= Dopefiend =

1971 novel by Donald Goines

Dopefiend: The Story of a Black Junkie is a 1971 novel by Donald Goines and his first published novel. The book is considered to be Goines's benchmark novel and shares some similarities to the author's life. The book deals with "the power dynamics between dealer and junkie and illustrates how a perverted, cowardly, black drug dealer in a dilapidated ghetto house can exert his influence across socioeconomic boundaries over anyone who becomes addicted to heroin. Goines emphasizes that no heroin user can emerge from the experience unscathed."

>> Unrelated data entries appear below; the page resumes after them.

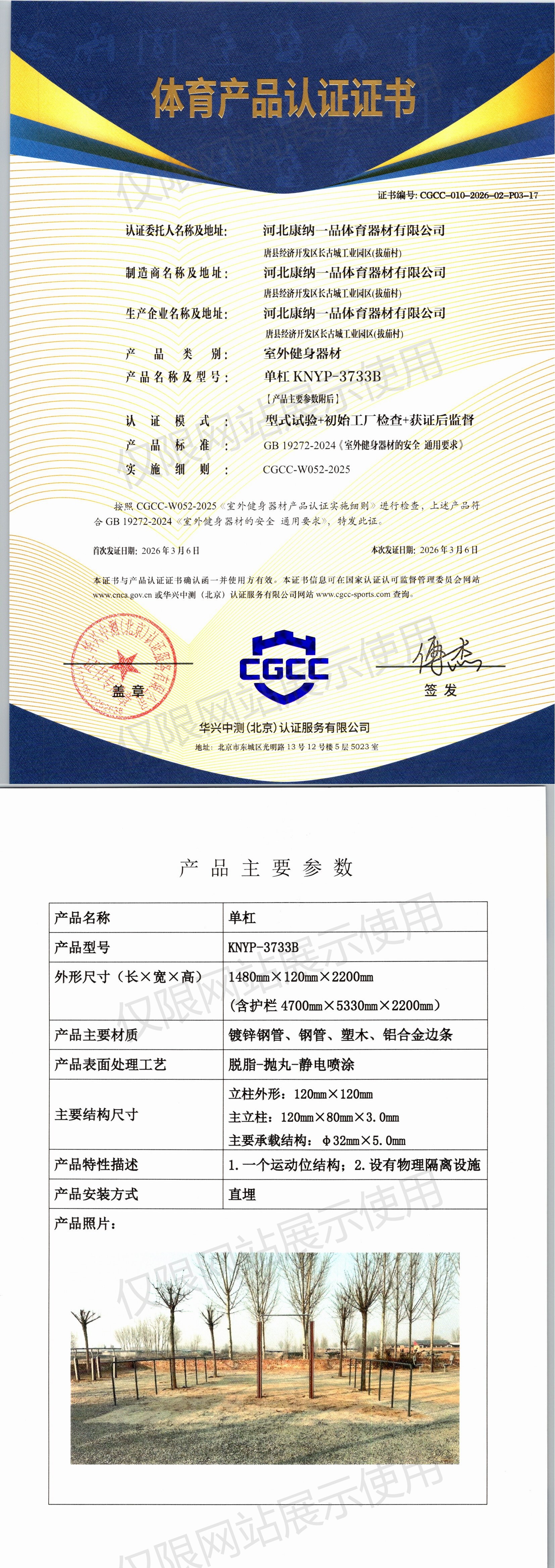| 2 | 河北康纳一品体育器材有限公司 | CGCC-010-2026-02-P03-17 | 单杠 | KNYP-3733B | 唐县经济开发区长古城工业园区(拔茄村) | GB 19272-2024 | 2026-03-06 | 有效 | 查看 |
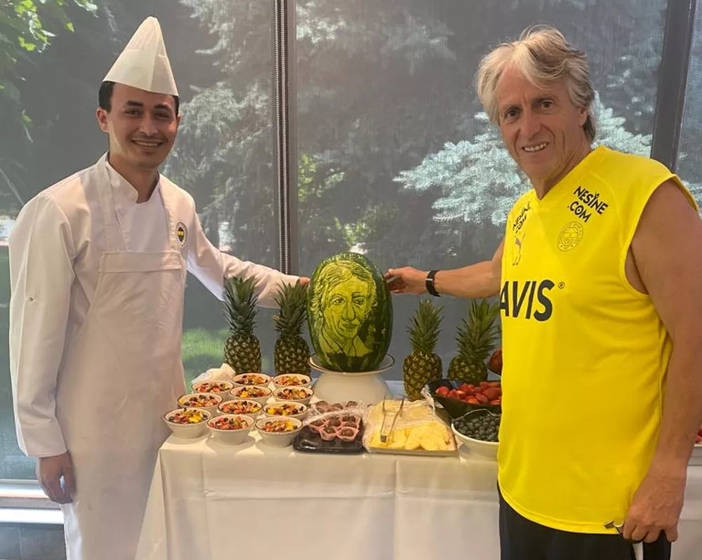 Durante a pré-temporada do Fenerbahçe, Jorge Jesus foi surpreendido com uma homenagem inusitada. Um chef de cozinha esculpiu o rosto do treinador português numa melancia e colocou à mostra no local onde a delegação turca faz as refeições.
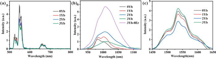 圖2. Yb3+/Er3+共摻雜釓碲酸鹽近紅外閃爍玻璃的X射線激發(fā)發(fā)光(XEL)光譜:(a) 500-800 nm波段,(b) 925-1125 nm波段,(c) 1450-1650 nm波段。
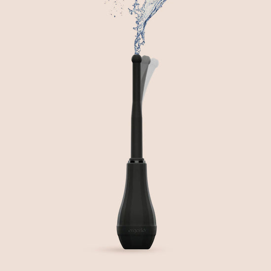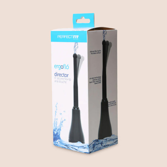 The ergoflo™ director anal douche comes with a medical grade 9 oz. contoured bulb featuring air valve technology that reduces messy back-flow and requires fewer refills. Director comes with an 8” (20 cm) silicone flex-tip nozzle, and a 3” (8 cm) stowaway tip.
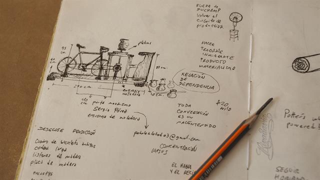 Andrés Aizicovich (Buenos Aires, 1985) es el creador de Relación de dependencia, la obra ganadora de la última edición del Premio Braque, exhibida hasta hace unos días en la sede Hotel de Inmigrantes del Muntref. Una instalación y a la vez acción performática realizada en colaboración con la ceramista Cecilia Ojeda: juntos hacen andar la bicicleta que activa un torno de alfarero.
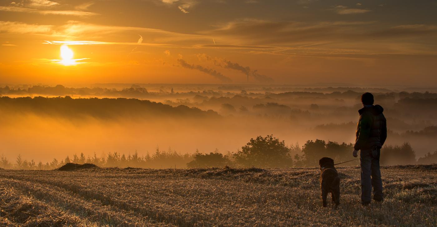 Oliver Wright/Photocrowd.com « Dog Walk on a Misty Sunrise » taken on Towton Moor in Yorkshire, UK, using a tripod and 10 second timer.Le lever de soleil prend des allures de paysage onirique à travers le regard d’Oliver Wright, qui joue sur les ombres et les couleurs d’une bien belle façon. Tout respire ici la quiétude et incite à la sérénité parmi les nuages.
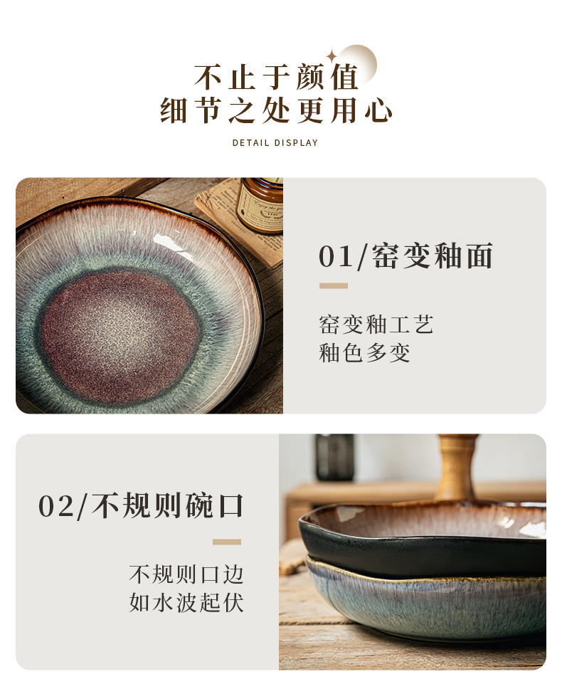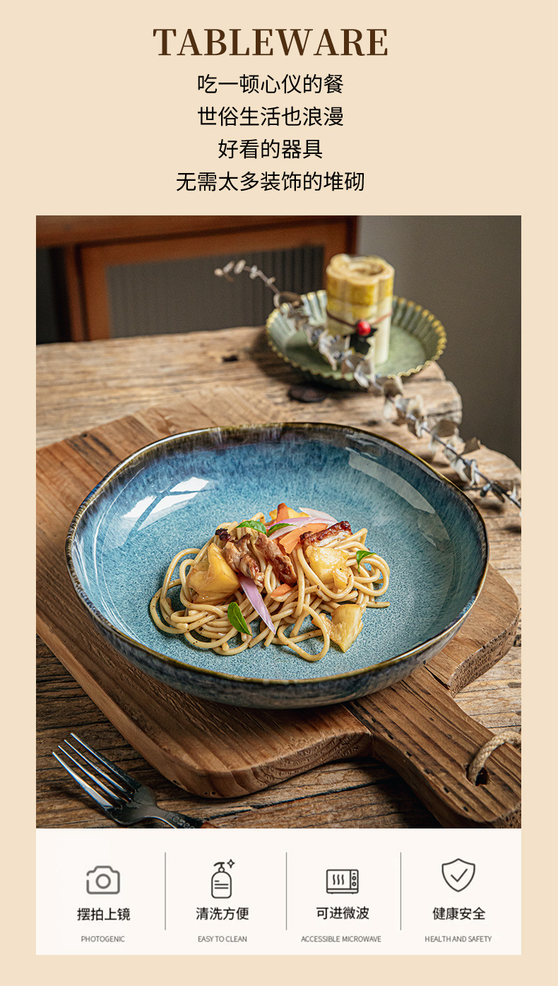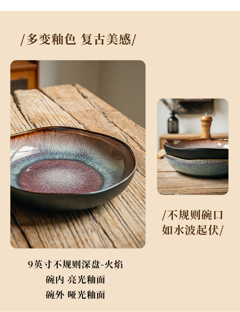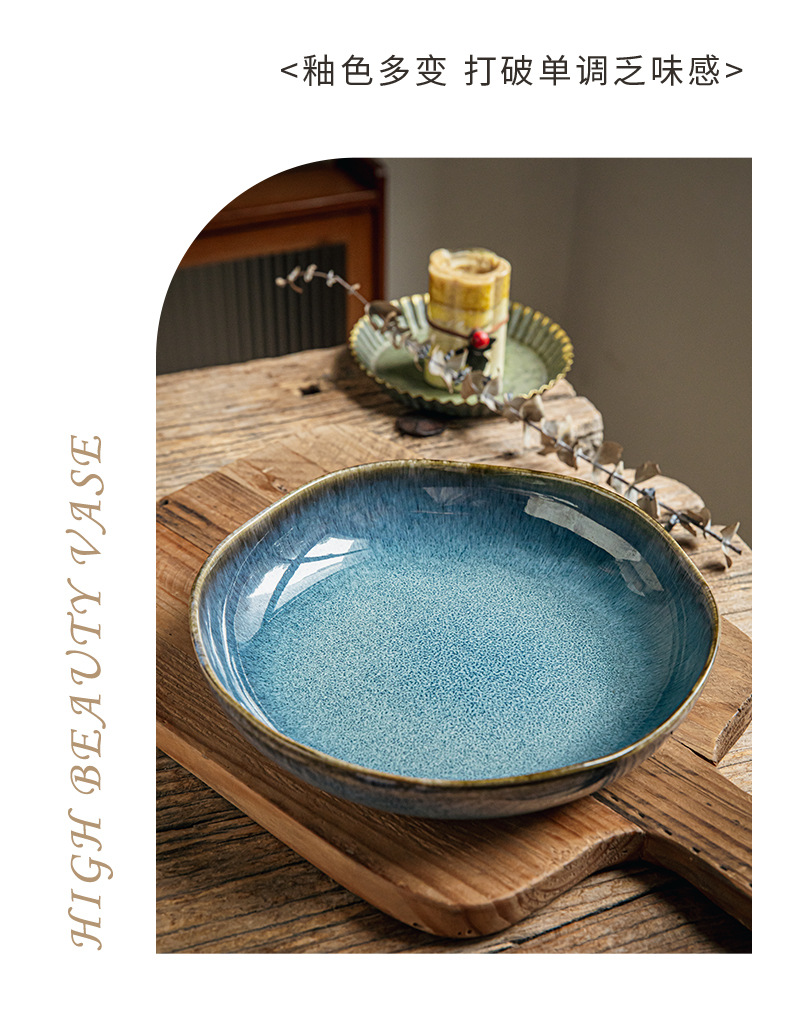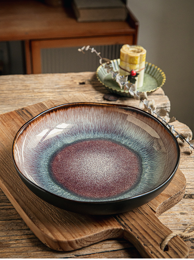 Yunmeng 9 pulgadas irregulares profundos retro lujo ligero platos de ensalada caseros platos de cerámica exportación transfronteriza

The novel was written while Goines was incarcerated and was written after his book Whoreson was accepted by Holloway House's editors, but was published first.

==Plot==
Dopefiend features an ensemble cast of characters. The central antagonist is named Porky, a drug dealer who seeks to exploit the weaknesses of others and enjoys humiliating people, especially women, whom he sometimes forces to copulate with his German Shepherds in order to score some drugs when they do not have the funds to pay for them. Terry and Teddy are a young couple whose relationship is destroyed by drugs. Terry does not use initially, but is given free drugs by Porky as he hopes to get her addicted so that he might be able to force her to have sex with him, eventually she becomes addicted as her boyfriend Teddy already was. Teddy resorts to stealing with friends to supply his habit, while Terry, under the guidance of a pregnant heroin addict named Minnie, turns to prostitution. Teddy watches two friends get shot down by some security guards and he himself is killed after he and two other dope fiends rob Porky. Minnie, after performing a sexual act with Porky's dogs to cover the cost of her addiction, drops the drugs down a sewer. She then commits suicide by hanging herself. Terry walks in on her dangling from the ceiling where the head of her stillborn child is seen coming out from between her legs, as she twists back and forth over a pile of excrement on the floor. The shock of this is too much for Terry to handle, and she ends up in a mental institution. The novel ends with Porky scouting another young couple as he once did with Terry and Teddy; it is revealed that Porky had never done drugs a day in his life.

==Reception==
MELUS writer Greg Goode covered the book in his 1984 article From Dopefiend to Kenyatta's Last Hit: The Angry Black Crime Novels of Donald Goines, writing that "To read Goines's description is to imagine a bloody, pustulant cross between a pharmacy, an operating room and a torture chamber, where sick junkies frantically stab themselves with rusty, clogged needles trying to hit a track."